What you will do —
Among the lines of the records below, copy those that hold the word "Protocols".

Items from a data source:
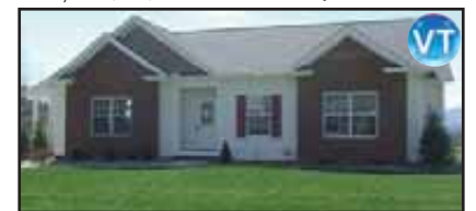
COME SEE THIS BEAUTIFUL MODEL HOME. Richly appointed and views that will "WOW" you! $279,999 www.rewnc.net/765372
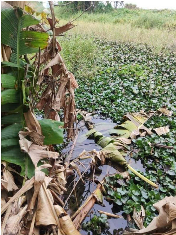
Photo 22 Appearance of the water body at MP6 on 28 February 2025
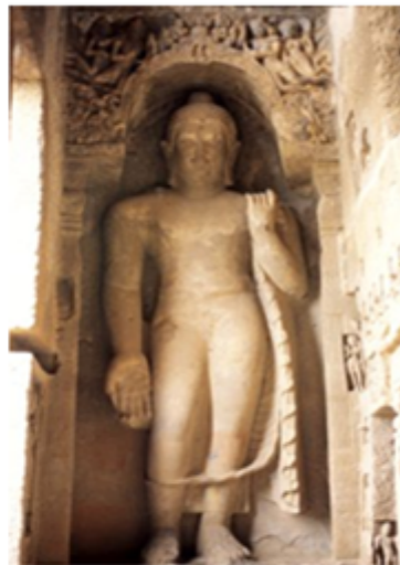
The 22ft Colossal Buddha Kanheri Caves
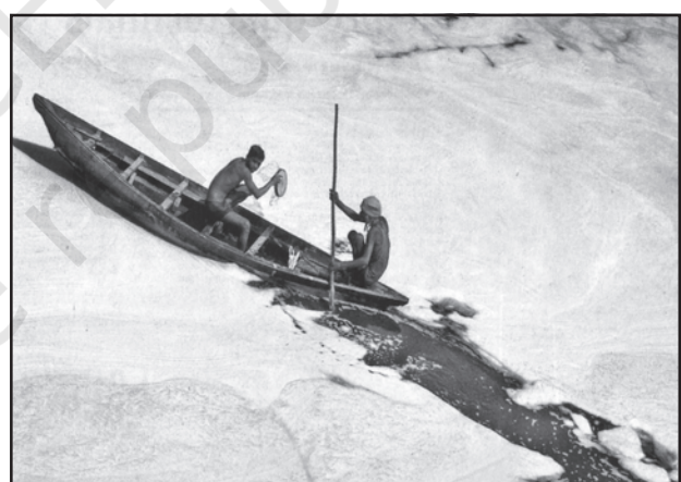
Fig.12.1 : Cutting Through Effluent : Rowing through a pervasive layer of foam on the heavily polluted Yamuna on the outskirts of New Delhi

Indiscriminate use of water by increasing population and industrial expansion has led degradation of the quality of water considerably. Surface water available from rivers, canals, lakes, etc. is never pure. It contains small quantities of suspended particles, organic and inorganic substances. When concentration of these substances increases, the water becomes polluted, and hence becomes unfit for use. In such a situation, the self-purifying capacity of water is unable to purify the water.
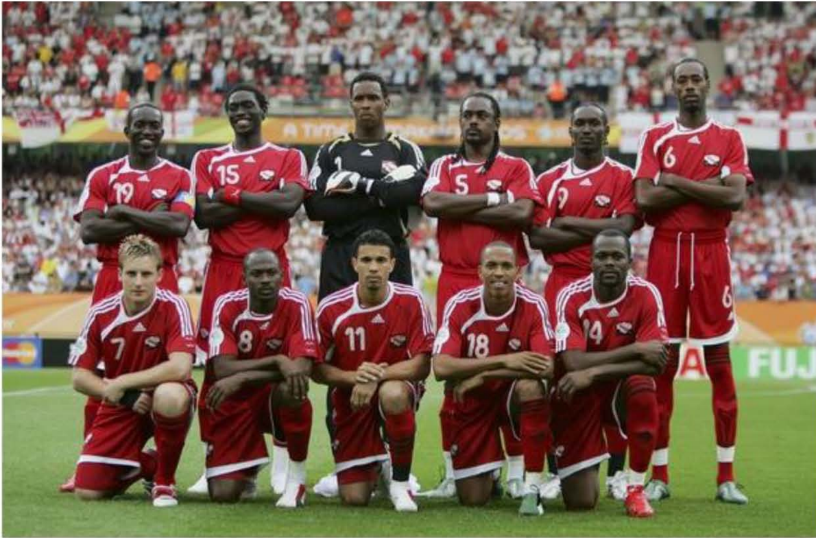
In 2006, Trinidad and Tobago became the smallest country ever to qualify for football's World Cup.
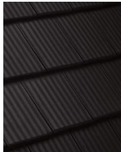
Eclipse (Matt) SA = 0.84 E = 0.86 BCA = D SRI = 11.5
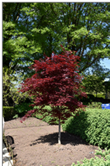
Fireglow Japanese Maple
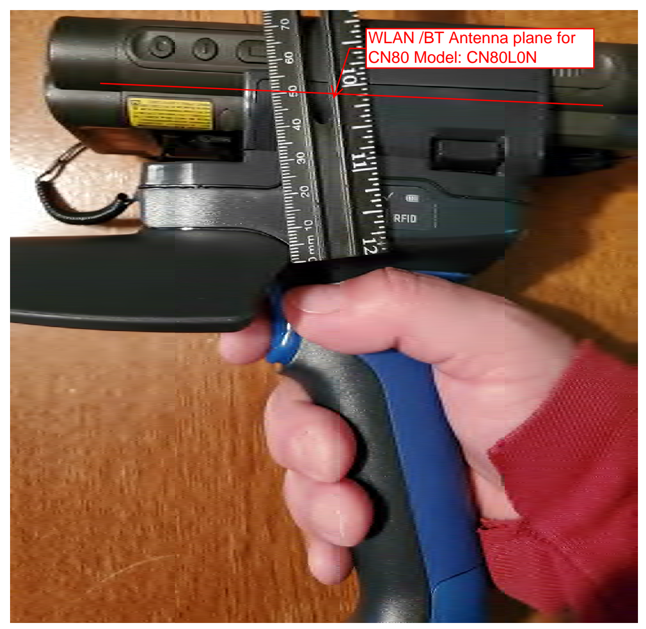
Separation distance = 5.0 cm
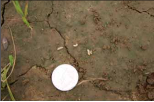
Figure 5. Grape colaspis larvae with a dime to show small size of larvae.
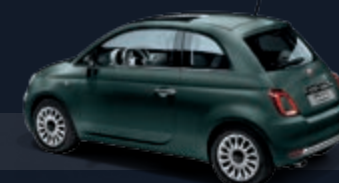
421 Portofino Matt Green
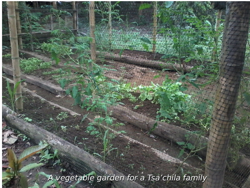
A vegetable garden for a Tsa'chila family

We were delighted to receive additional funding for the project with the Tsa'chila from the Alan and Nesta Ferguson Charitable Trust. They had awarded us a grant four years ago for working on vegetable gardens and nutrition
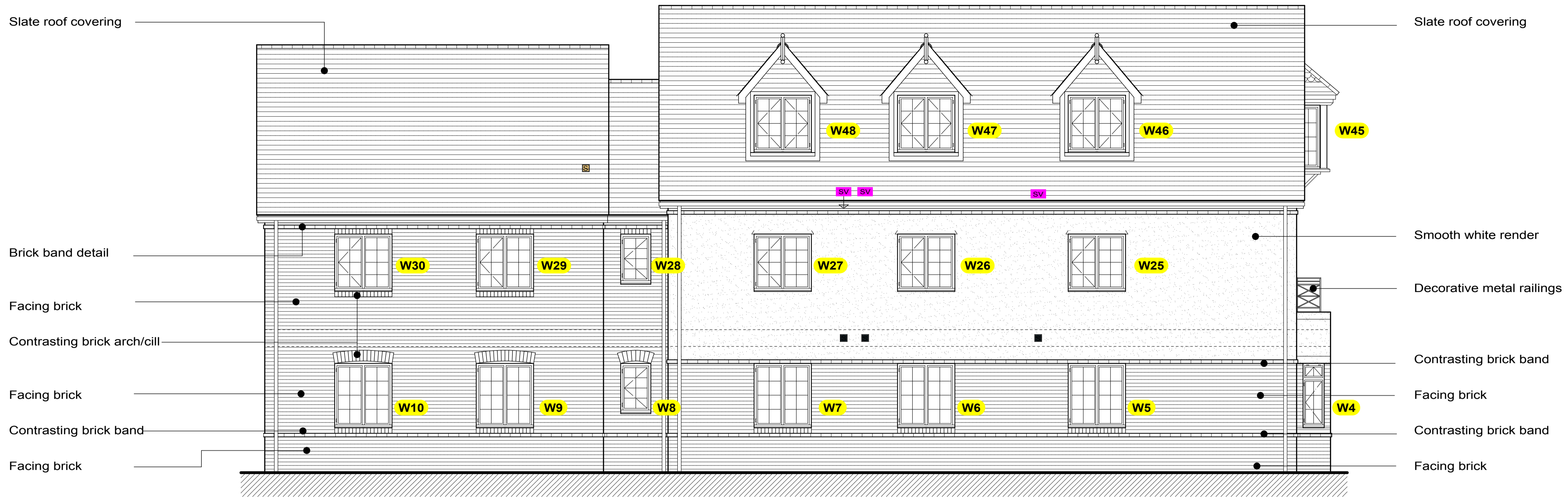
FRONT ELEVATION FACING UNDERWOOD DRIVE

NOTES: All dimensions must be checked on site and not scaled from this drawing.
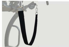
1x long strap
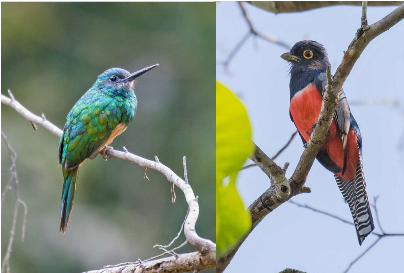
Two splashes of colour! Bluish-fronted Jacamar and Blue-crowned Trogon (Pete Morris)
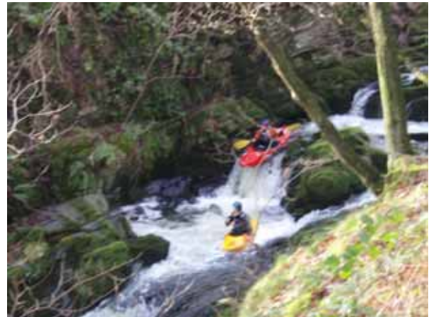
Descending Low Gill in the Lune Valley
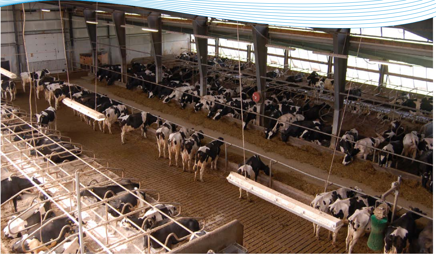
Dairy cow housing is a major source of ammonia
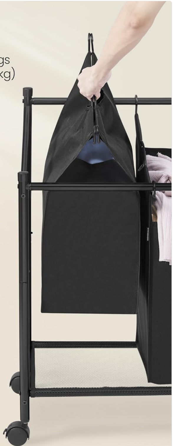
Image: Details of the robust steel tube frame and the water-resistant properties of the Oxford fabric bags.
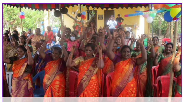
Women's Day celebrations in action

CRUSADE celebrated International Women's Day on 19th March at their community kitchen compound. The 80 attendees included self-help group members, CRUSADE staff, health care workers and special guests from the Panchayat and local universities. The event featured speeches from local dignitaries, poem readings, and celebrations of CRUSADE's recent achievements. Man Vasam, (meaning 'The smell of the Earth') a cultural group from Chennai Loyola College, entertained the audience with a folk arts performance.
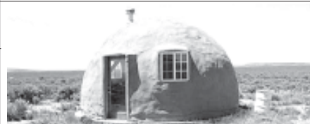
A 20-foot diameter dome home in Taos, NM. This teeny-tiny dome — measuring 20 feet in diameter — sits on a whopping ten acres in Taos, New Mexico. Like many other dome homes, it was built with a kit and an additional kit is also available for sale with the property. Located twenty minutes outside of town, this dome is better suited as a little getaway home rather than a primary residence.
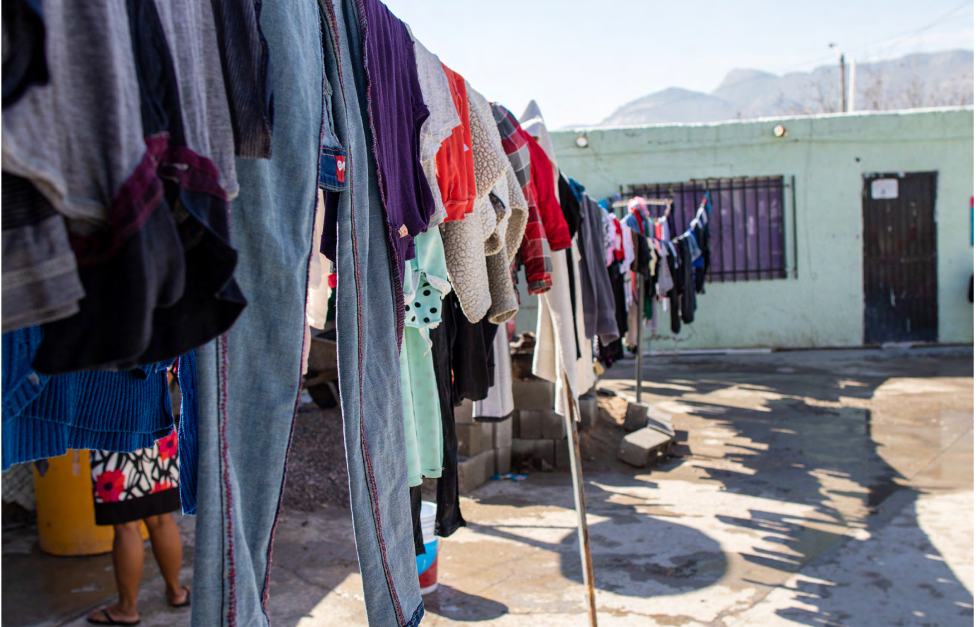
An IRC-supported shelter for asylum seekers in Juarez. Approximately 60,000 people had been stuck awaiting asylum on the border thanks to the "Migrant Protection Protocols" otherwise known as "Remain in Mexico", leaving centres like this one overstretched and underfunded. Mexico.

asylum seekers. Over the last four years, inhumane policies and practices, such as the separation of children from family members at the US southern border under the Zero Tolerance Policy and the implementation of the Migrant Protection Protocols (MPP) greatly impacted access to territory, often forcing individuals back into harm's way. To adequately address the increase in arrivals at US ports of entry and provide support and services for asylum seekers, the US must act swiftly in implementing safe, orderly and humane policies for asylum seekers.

Answer box —
An IRC-supported shelter for asylum seekers in Juarez. Approximately 60,000 people had been stuck awaiting asylum on the border thanks to the "Migrant Protection Protocols" otherwise known as "Remain in Mexico", leaving centres like this one overstretched and underfunded. Mexico.
asylum seekers. Over the last four years, inhumane policies and practices, such as the separation of children from family members at the US southern border under the Zero Tolerance Policy and the implementation of the Migrant Protection Protocols (MPP) greatly impacted access to territory, often forcing individuals back into harm's way. To adequately address the increase in arrivals at US ports of entry and provide support and services for asylum seekers, the US must act swiftly in implementing safe, orderly and humane policies for asylum seekers.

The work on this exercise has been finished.